◆ Work to be completed:
Once the pictures have been excluded, set down each remaining entry word for word.

◆ Source data:

---------------

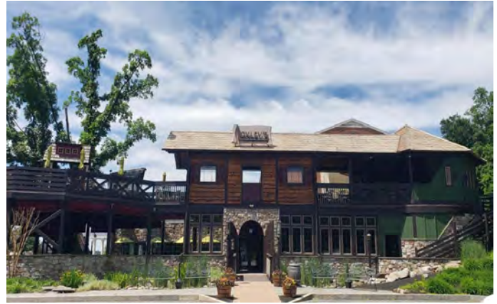
Best Western PLUS Executive Hotel Richmond

Located in the Pennsylvania Dutch Country, this hotel features a seasonal outdoor pool, a fitness center, and a restaurant with a patio and deck. The Heritage Hotel Lancaster offers rooms equipped with free cable TV, a refrigerator, a microwave, coffee-making facilities, a hair dryer, a work desk, and comfortable seating. Select rooms include an overstuffed armchair and ottoman. The Heritage Hotel's two-story patio restaurant, Loxley's, serves meals from breakfast until late evening and features a full bar. Facilities at the Heritage Hotel Lancaster include a business center. Free Wi-Fi is available throughout the hotel. Guests can also enjoy a pool deck and a fitness center. The Heritage Hotel Lancaster is easily accessible from the highway and is located next to the Dutch Apple Dinner Theatre.
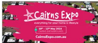
Facebook Cover 3
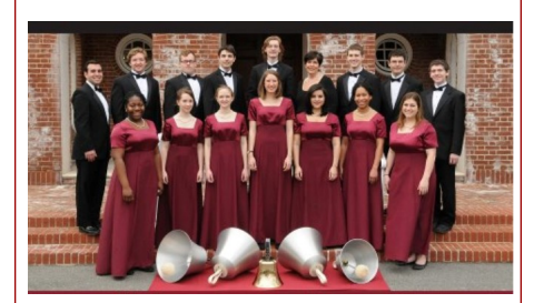
Friday, June 7, 2013—7:30 PM St. Paul Lutheran Church, 25 West Springettsbury Avenue, York. Freewill offering.
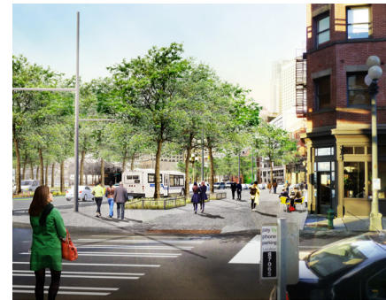
A rebuilt Alaskan Way will serve all modes of travel and provide clear and safe pedestrian crossings and signalized intersections

For more information about Waterfront Seattle:
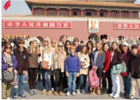
Eighteen PBDA students and teachers outside the Forbidden City.

teachers at Alliance. March 16, we flew to Beijing, where we toured Tiananmen Square, Forbidden City, and The Great Wall of China. We visited our friends at Living Hope Orphanage and immediately recognized familiar faces that we met this past October when they were here with us at PBDA. After greetings and introductions, we saw new cultural dances performed by young students who had been practicing for just under a week. They were fabulous! We taught English classes, participated in arts and crafts activities and spent time on the basketball court with seventy-two children that we are beginning to recognize as true friends, half a world away.
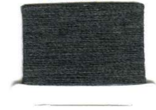
F8 BLACK S
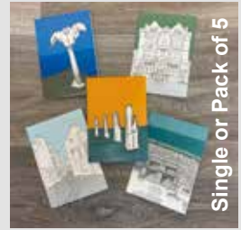
Single or Pack of 5
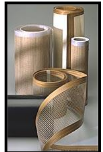
Roll stock belts

Flexible or rigid, non-stick, sanitary Teflon® copolymers eliminate product damage, cups, parchment, oils, packaging, flour and consumables
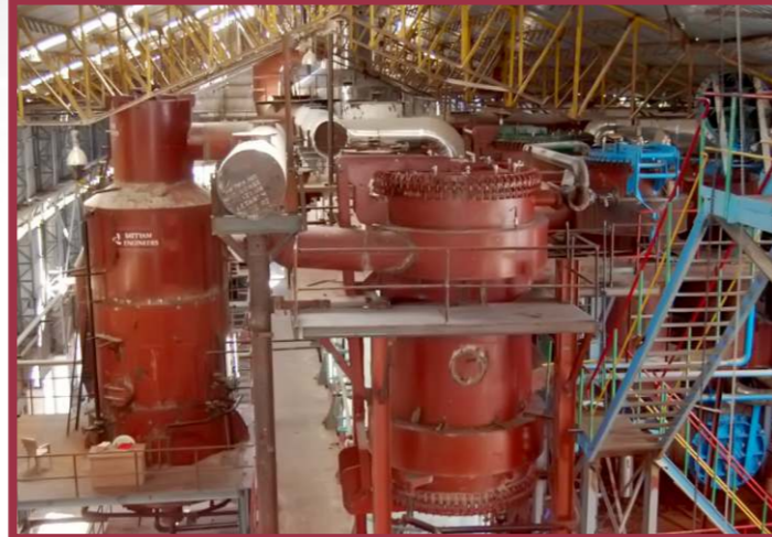
BOILING HOUSE MODIFICATION
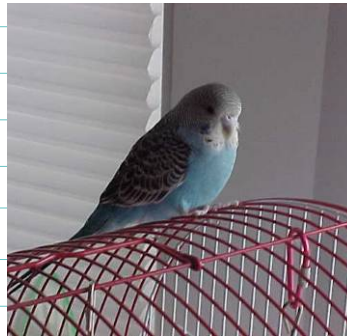
CC is resting on top of his cage after a climbing adventure.

All the new and old pets behave well. Now, I am not sure if we will get more ferrets, birds, geckos, or any other pets.
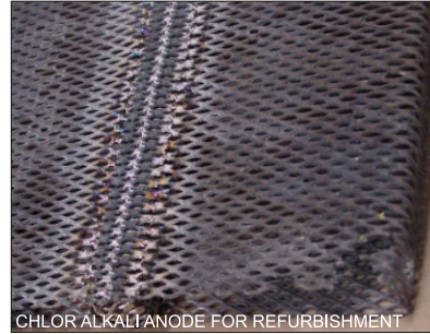
CHLOR ALKALI ANODE FOR REFRUBISHMENT
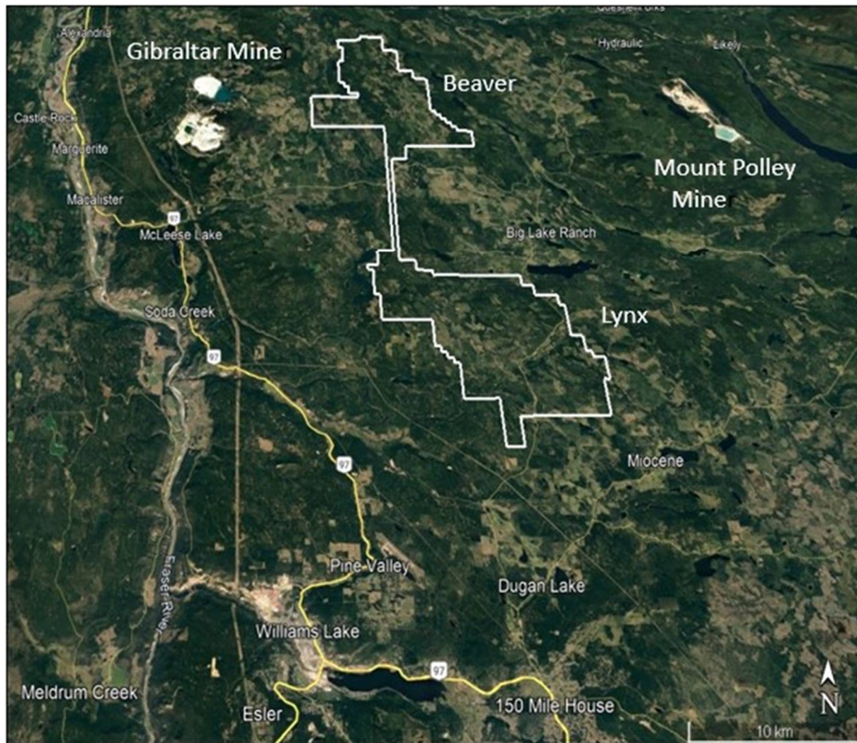
Google Earth satellite image of Beaver-Lynx property between Gibraltar and Mount Polley mines, two of the largest mining operations in British Columbia. Beaver is the northern property area connected to southern Lynx block. The project has excellent infrastructure nearby including roads, railway, and hydropower. The surrounding resource communities offer comprehensive services and a skilled work force.

---------------

◆ Completed exercise:
Best Western PLUS Executive Hotel Richmond

Located in the Pennsylvania Dutch Country, this hotel features a seasonal outdoor pool, a fitness center, and a restaurant with a patio and deck. The Heritage Hotel Lancaster offers rooms equipped with free cable TV, a refrigerator, a microwave, coffee-making facilities, a hair dryer, a work desk, and comfortable seating. Select rooms include an overstuffed armchair and ottoman. The Heritage Hotel's two-story patio restaurant, Loxley's, serves meals from breakfast until late evening and features a full bar. Facilities at the Heritage Hotel Lancaster include a business center. Free Wi-Fi is available throughout the hotel. Guests can also enjoy a pool deck and a fitness center. The Heritage Hotel Lancaster is easily accessible from the highway and is located next to the Dutch Apple Dinner Theatre.
Facebook Cover 3
Friday, June 7, 2013—7:30 PM St. Paul Lutheran Church, 25 West Springettsbury Avenue, York. Freewill offering.
A rebuilt Alaskan Way will serve all modes of travel and provide clear and safe pedestrian crossings and signalized intersections

For more information about Waterfront Seattle:
Eighteen PBDA students and teachers outside the Forbidden City.

teachers at Alliance. March 16, we flew to Beijing, where we toured Tiananmen Square, Forbidden City, and The Great Wall of China. We visited our friends at Living Hope Orphanage and immediately recognized familiar faces that we met this past October when they were here with us at PBDA. After greetings and introductions, we saw new cultural dances performed by young students who had been practicing for just under a week. They were fabulous! We taught English classes, participated in arts and crafts activities and spent time on the basketball court with seventy-two children that we are beginning to recognize as true friends, half a world away.
F8 BLACK S
Single or Pack of 5
Roll stock belts

Flexible or rigid, non-stick, sanitary Teflon® copolymers eliminate product damage, cups, parchment, oils, packaging, flour and consumables
BOILING HOUSE MODIFICATION
CC is resting on top of his cage after a climbing adventure.

All the new and old pets behave well. Now, I am not sure if we will get more ferrets, birds, geckos, or any other pets.
CHLOR ALKALI ANODE FOR REFRUBISHMENT
Google Earth satellite image of Beaver-Lynx property between Gibraltar and Mount Polley mines, two of the largest mining operations in British Columbia. Beaver is the northern property area connected to southern Lynx block. The project has excellent infrastructure nearby including roads, railway, and hydropower. The surrounding resource communities offer comprehensive services and a skilled work force.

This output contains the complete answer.